Proxy checker parameters

Parameter NameDefault ValueDescription
Loading typeReplaceDefines whether to keep previously loaded proxies or not, Add - always adds new proxies to the general list, Replace - replaces old proxies with newly loaded ones
Load threads count5Number of threads for loading proxies from websites
Load interval30Interval between full rechecks of the proxy list
Load timeout30Timeout for a request to the proxy site
Load max size524288Maximum page size with proxies, if the page is larger it is trimmed to the specified size
Load limit count0Limit on the number of proxies to be loaded, 0 to disable
No check proxiesAllows disabling proxy checking.

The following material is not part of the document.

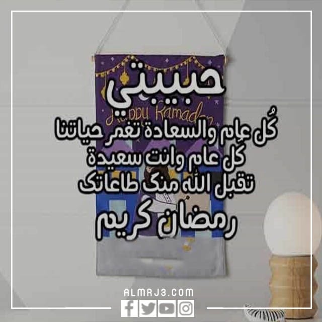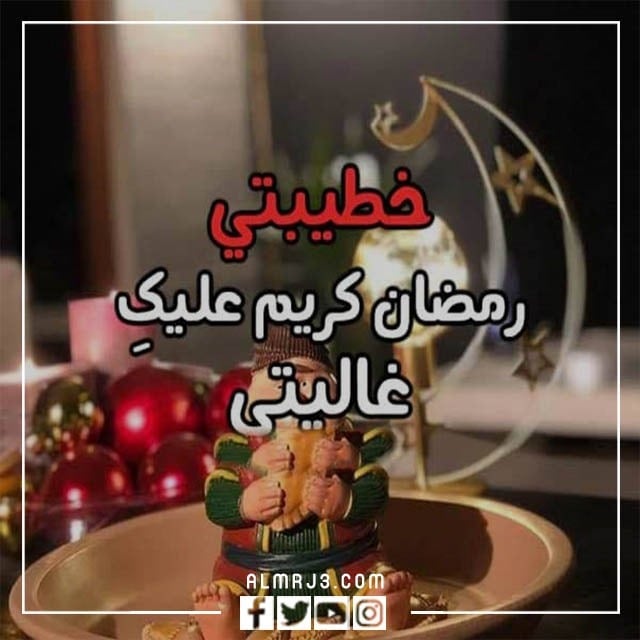- بمُناسبة شهر رمضان المُبارك، أسأل الله أن يُعزّز من حضورك في قلبي، وأن يُكرمك بتِمام الصحّة والعافية، وأن يزيدنا قربًا ومشاعر إيجابية، كلّ عام وأنتَ الخير يا خطيبي الغالي.

All loaded proxies are automatically considered alive
Proxies typeHTTP, SOCKS5Choice of which types of proxies to check and in what sequence, if both HTTP and SOCKS are specified simultaneously, the proxy will be rechecked for the SOCKS protocol if the HTTP check fails
Check threads15Number of threads for checking proxies
Check urlhttp://work.a-poster.info:25000/Link to the proxy checking script, currently the check is carried out through the scraper server, this behavior may change in the future
Check interval30Interval between full rechecks of all proxies
Check timeout5Proxy timeout
Check max size5120Maximum download page size when checking proxies
Check anonymousCheck proxies for anonymity, if selected then it is mandatory to specify External IP
External IPExternal IP address of the computer/server, must be specified if the Check anonymous option is enabled
Exclude from "All"By default, in each scraper, the value "All" is selected as the proxy checker, i.e., all available proxy checkers are used. If the option is enabled, the proxy checker will be excluded from All.
Save alive proxies to fileNoSave alive proxies to the file files/proxy/alive.txt
Use proxy authorizationUse authorization for proxies by login/password
Authorization loginLogin for authorization
Authorization passwordPassword for authorization

Installing the hosting verification script

note

By default, A-Parser checks proxies through its own verification script, without the need to install the script on your own hosting

Upload the following PHP script to your hosting or server and specify the link to it in Check url:

<?php

print_r($_SERVER);
print_r($_POST);

?>

And specify one of the proxy lists:

- **[http://work.a-poster.info/prx/perm_socks.txt](http://work.a-poster.info/prx/perm_socks.txt)** - Each port has its own proxy with its own outgoing IP address. The proxy is fixed to its port as long as it is online. This list is updated every 30 seconds and always contains current and live proxies.
- **[http://work.a-poster.info/prx/rand_socks.txt](http://work.a-poster.info/prx/rand_socks.txt)** - The outgoing IP address changes for each connection to the proxy. The IP address is chosen randomly from all live proxies. This list is fixed and there is no need to update it.